Copy, word for word, the lines below from the one containing "Figura 2 – Halima Aden" up to and including the one containing "Mme Dowdeswell échange", with pictures left out.

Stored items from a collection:
━━━━━━

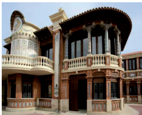
Fig. 5. Casa Solans, en Zaragoza, edificio modernista restaurado y reinaugurado en 2006. Hoy sede provisional del Secretariado del Agua de la ONU, es el único elemento que queda del antiguo complejo fabril de la harinera Solans.

En el presente hay ciudades que muestran un gran interés por la arqueología industrial, 19 los vestigios patrimoniales de diversa categoría, los antiguos palacios o casas señoriales, o bien los edificios que testimonian la evolución de la técnica y de la historia del proletariado, de la clase obrera, que contribuyó a hacer posible el desarrollo de los procesos técnicos. En la revalorización de estos restos, algunos monumentales, se están apoyando las políticas de dinamización y regeneración de los barrios deprimidos y las
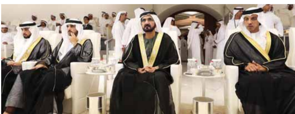
■ محمد بن راشد وحمدان بن محمد ومنصور بن زايد وأحمد بن محمد يتابعون النهائي

وتابع سموه: نفتخر في دولة الإمارات بقيادة الرشيدة وبشعب الإمارات، «شعب واحد كأس واحد»، والله يطول في أعمار شيوخنا لخدمة هذا البلد واستمرار التطور. وعن مجلس إدارة اتحاد كرة القدم الجديد، قال: الشباب لديهم دراية كاملة وطموح وقيادة شعب الإمارات أعتقد أن الإنجازات ستستمر وتتطور.
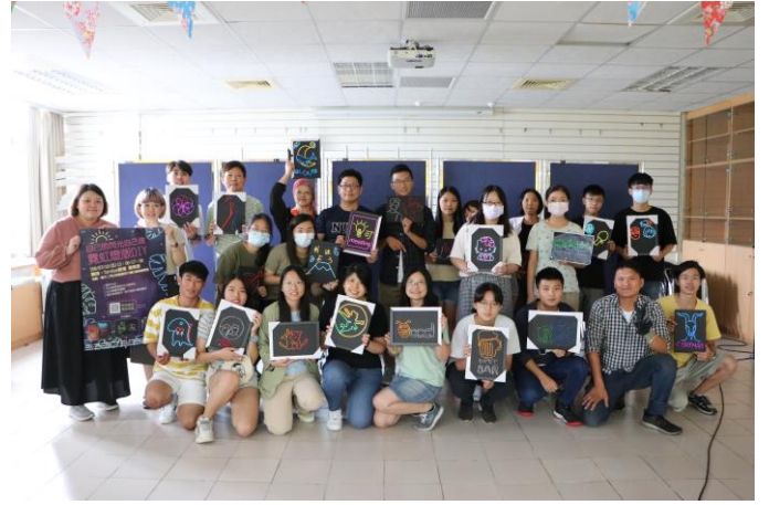
全員與自己的作品大合照
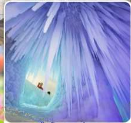
ถ้ำน้ำแข็งหมื่นปี
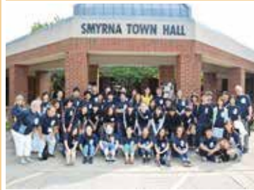
スマーナ市へ派遣
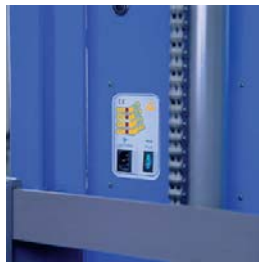
Microprozessor-gesteuertes Batterieladegerät, das man direkt an das Stromnetz mit 220 V anschließen kann.

Jährliche UVV-Prüfung sowie Gerätewartung und Reparaturservice auf Wunsch durch unseren Kundendienst.
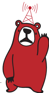
FMクマガヤ マスコットキャラクター ラジクマ
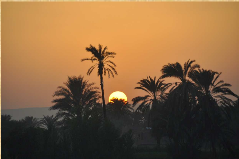
Coucher de soleil au bord Nil

Pour de plus amples explications, vous pouvez appeler Marie-Françoise LEBEAU Tel : 03 25 38 77 66 ou 06 07 21 80 07
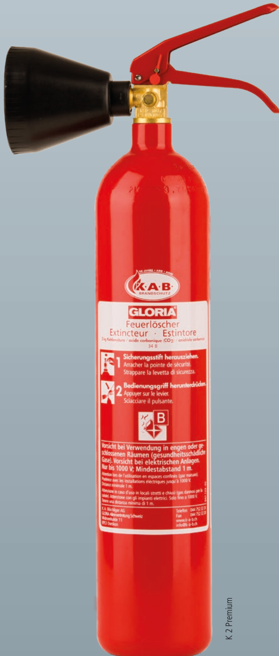
K 2 Premium

Beim Löschen Spuren hinterlassen? Nicht mit mir!
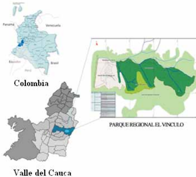
Figura 1. Ubicación de la zona de estudio.

demás ejemplares fueron guardados en sobres y almacenados según la teoría de envolturas, en bolsas de sierre hermético y depositados en la colección CEH-085 del Registro Nacional de Colecciones Biológicas. Adicionalmente, los nombres científicos fueron contrastados y actualizados teniendo en cuenta el Atlas of Neotropical Lepidoptera (LAMAS, 2004).
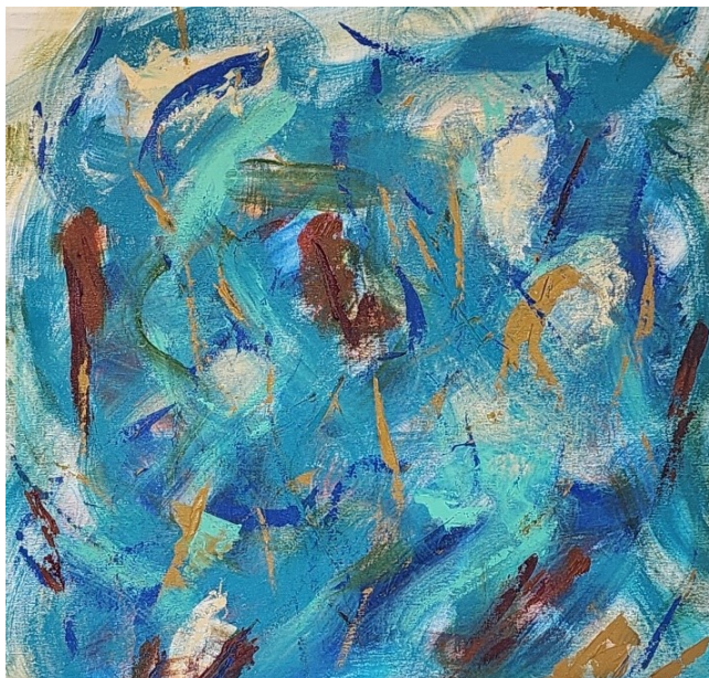
Artista: Flavia Fabbriziani 36387131 / 36387132, 2023 Acrilica sobre tela 71 x 71 cm (cada)
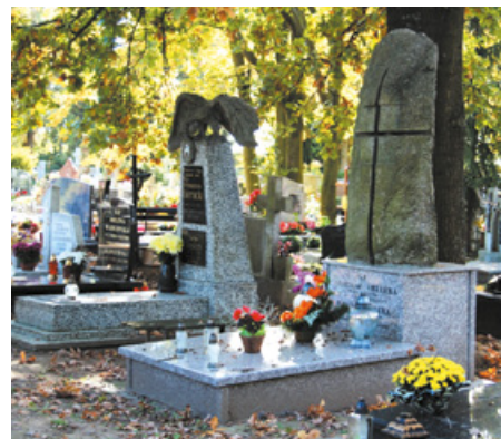
Kwaterna lotnicza na cmentarzu komunalnym

Niewielki skwerek ze szpalerem starych drzew i teren zielony, pomiędzy ulicami Wita Stwosza i Grota Roweckiego to dawny cmentarz katolicki, zlikwidowany kilkanaście lat temu. Do założenia w 1961 roku cmentarza przy ulicy Spokojnej, był to podstawowy powojenny cmentarz Pruszcza Gdańskiego. Wielu mieszkańców miasta kojarzy go jako miejsce pochówku
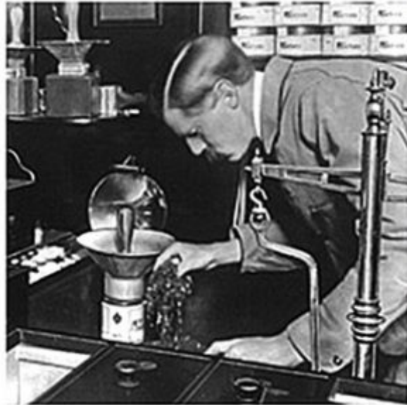
Alfred Dunhill exercendo sua arte.

Assim se iniciou a vertiginosa carreira do talvez mais famoso blender conhecido. Mas seus apreciadíssimos flakes, plugs, rolls em embalagens lacradas ainda estavam por vir. O estrondoso sucesso de Alfred Dunhill deveu-se à sua perspicácia, ao seu imenso bom gosto, à sua sensibilidade, a seu obsessivo perfeccionismo e, claro, a tabacos de muito boa qualidade que ele obtinha tanto de um importador escocês como de uma cooperativa londrina.
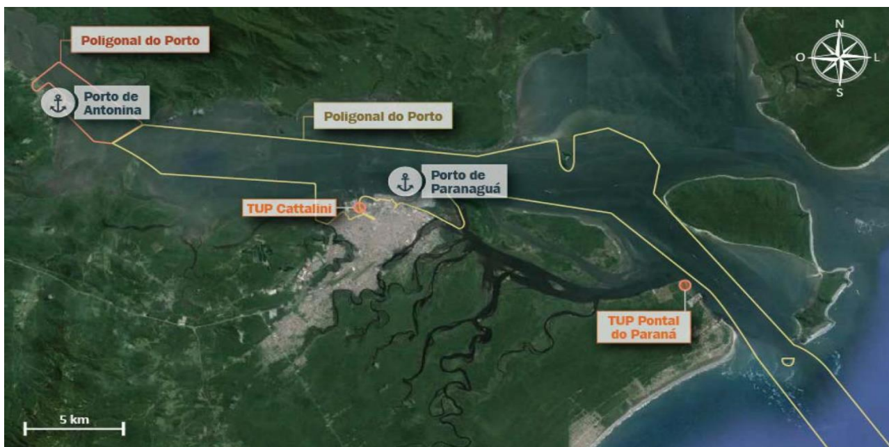
Figura 1: Localização do Complexo Portuário de Paranaguá.

O porto dispõe de um cais público acostável, contínuo e com extensão de 3.131 m, com 14 berços para atendimento simultâneo de 12 a 14 navios, 1 berço de atracação para operações roll on-roll off com 220 m de extensão, o qual compreende 3 dolphins de atracação e 1 de amarração, totalizando aproximadamente 3.400 metros acostáveis de cais. A imagem a seguir demonstra a localização dos berços no Porto de Paranaguá.
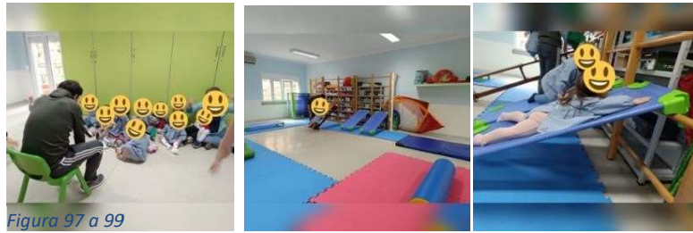
Figura 97 a 99

Sumário, 14/05/2024: Canção “Bom Dia”, Canção “O Pão”.
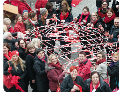
Aktion „Guerilla Knitting“ zum Equal Pay Day 2015
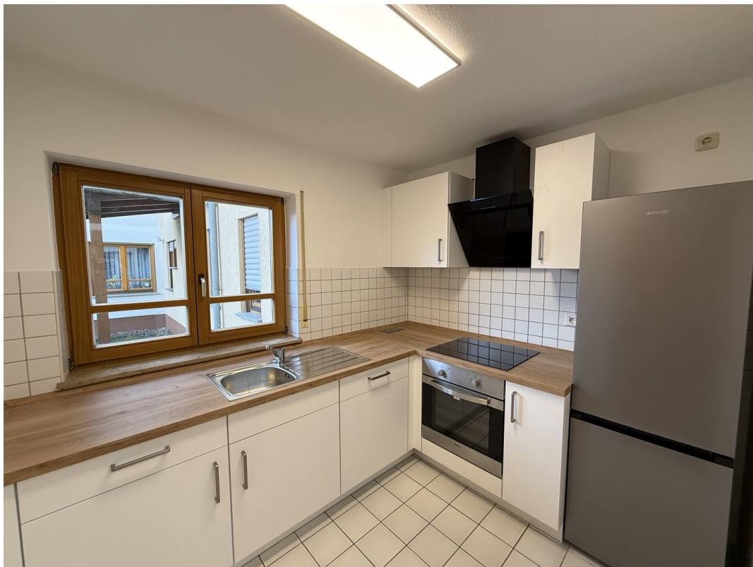
Küchenbereich mit Einbauküche
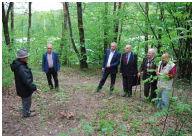
W miejscu, gdzie stanie pomnik odbyło się już pierwsze spotkanie.

Będzie to pierwsze miejsce w gminie Masłów upamiętniające ofiary II wojny światowej w takiej formie. Do tej pory przypomi-
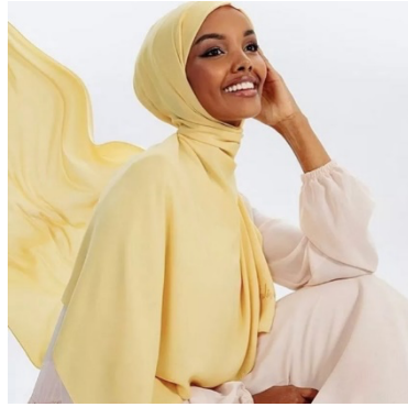
Figura 2 – Halima Aden
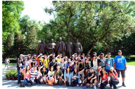
毛澤東在陝北的歷史痕跡，右圖 5 位革命領袖-毛澤東、朱德、劉少奇、周恩來、任弼

二、 返回西安→ 入住唐城賓館(路程 2~3 小時, 但有事故塞車多延長 1.5 小時)
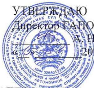
ГРАФИК ПРОМЕЖУТОЧНОЙ АТТЕСТАЦИИ

на 2 полугодие 2023-2024 учебного года специальности 39.02.01 Социальная работа Группа СР-32
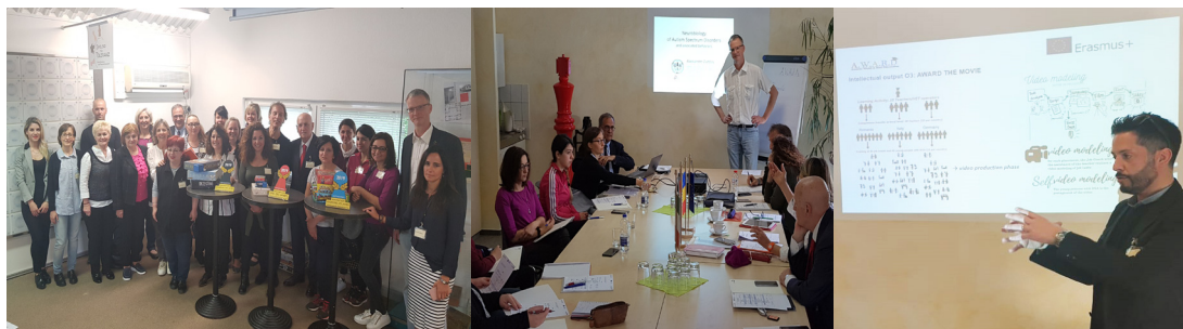
Incontro dei partner durante la learning activity a Chemnitz (Germania) - dal 20 al 24 maggio 2019
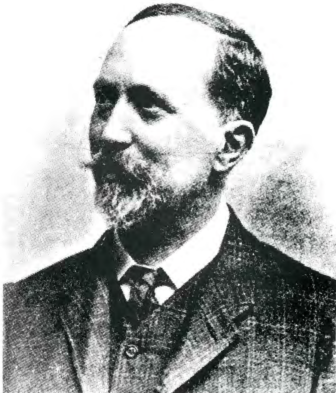
Josep Pella i Forgas.

s'integren dins del caliu cultural que sorgí amb el naixent catalanisme.
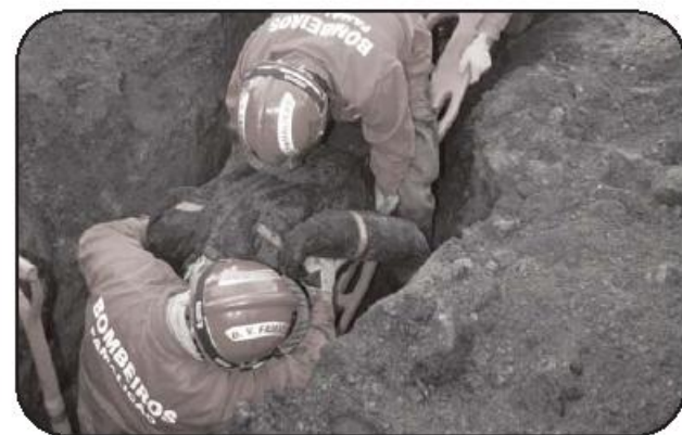
Mogege: deslizamento deixou duas pessoas soterradas
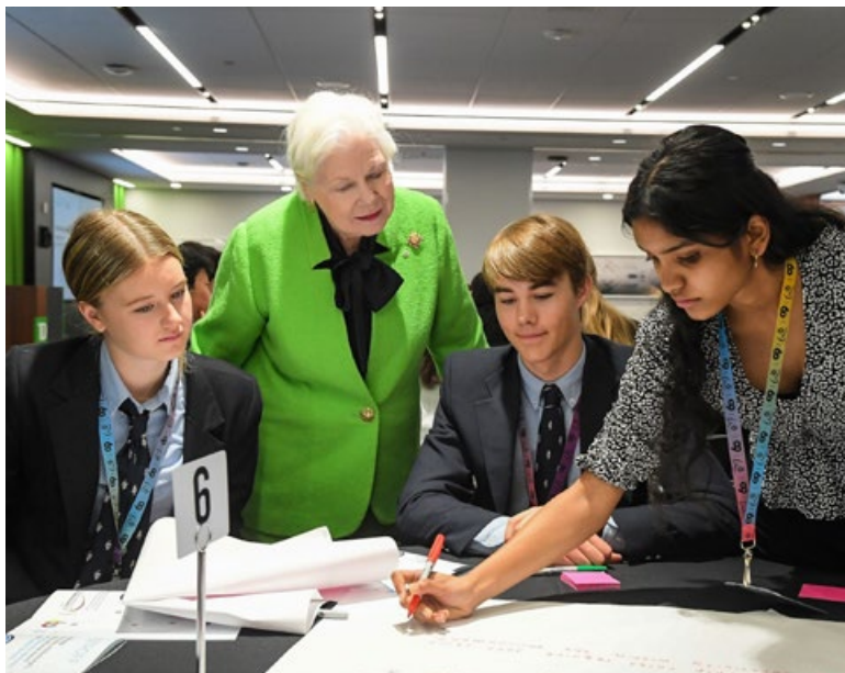
Mme Dowdeswell échange avec des élèves du secondaire de la région de Toronto lors de l'événement « Le Prix du Duc d'Édimbourg en action ».

— L'honorable Edith Dumont, discours d'installation
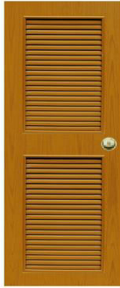
T5 สีสักเหลือง เกล็ดครึ่งบาน 2 ตอน
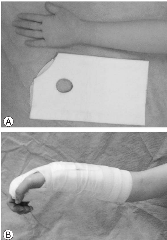
Fig. 2. Radial gutter splint. (A) Space cut out for thumb. (B) Molding and elastic bandage for stabilization. (C) Shape of splint.

설탕 부목 집게 부목과 요측 구형성 단상지 부목을 사용한 환자간에 정복 소실 정도를 요측 높이, 요측 경사, 수장 경사로 나누어 분석한 결과 통계적으로 유의한 차이는 보이지 않았다(Table 2B, p-value>0.05).
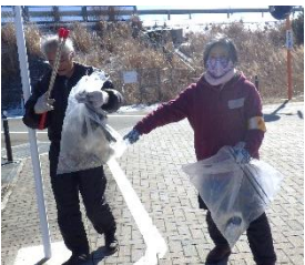
※写真は昨年度の様子です。

町内の美化作業のボランティア活動を通して町民と町内関係者との交流や、地域で支え合う仕組み作りの一助とするため、ごみ拾いを行います。
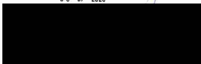
SPORTOVNÍ KLUB BASKETBALU ZLÍN, z.s.
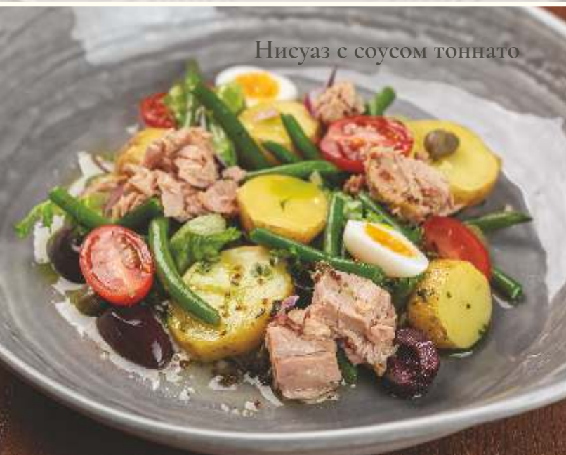
Нисуаз с соусом тоннато
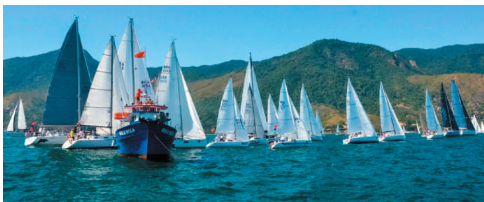
Tradicional competição oferecerá benefícios às tripulações que também correrem a Santos-Rio

A principal novidade deste ano são os benefícios concedidos às tripulações que competirem tanto na Regata dos Arvoredos quanto na Santos-Rio, marcada para
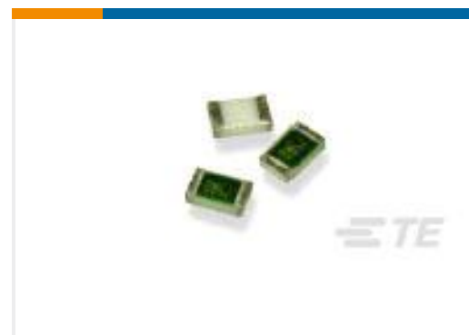
TE 产品编号3-1879212-7 CPF 0402 49K9 0.1% 25PPM 5K RL
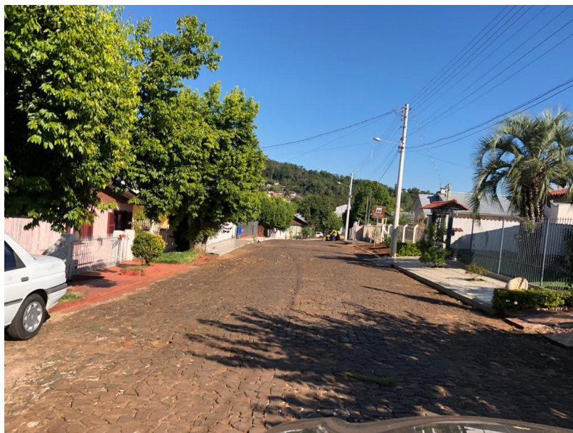
Imagem 03: Trecho a ser pavimentado, demonstrando a existência das redes de energia elétrica, iluminação pública e telefonia. Neste trecho serão efetuadas a instalação de bocas de lobo e galerias pluviais.

━━━━━━

**Result of this task:**
Figura 2 – Halima Aden
毛澤東在陝北的歷史痕跡，右圖 5 位革命領袖-毛澤東、朱德、劉少奇、周恩來、任弼

二、 返回西安→ 入住唐城賓館(路程 2~3 小時, 但有事故塞車多延長 1.5 小時)
ГРАФИК ПРОМЕЖУТОЧНОЙ АТТЕСТАЦИИ

на 2 полугодие 2023-2024 учебного года специальности 39.02.01 Социальная работа Группа СР-32
Incontro dei partner durante la learning activity a Chemnitz (Germania) - dal 20 al 24 maggio 2019
Josep Pella i Forgas.

s'integren dins del caliu cultural que sorgí amb el naixent catalanisme.
Mogege: deslizamento deixou duas pessoas soterradas
Mme Dowdeswell échange avec des élèves du secondaire de la région de Toronto lors de l'événement « Le Prix du Duc d'Édimbourg en action ».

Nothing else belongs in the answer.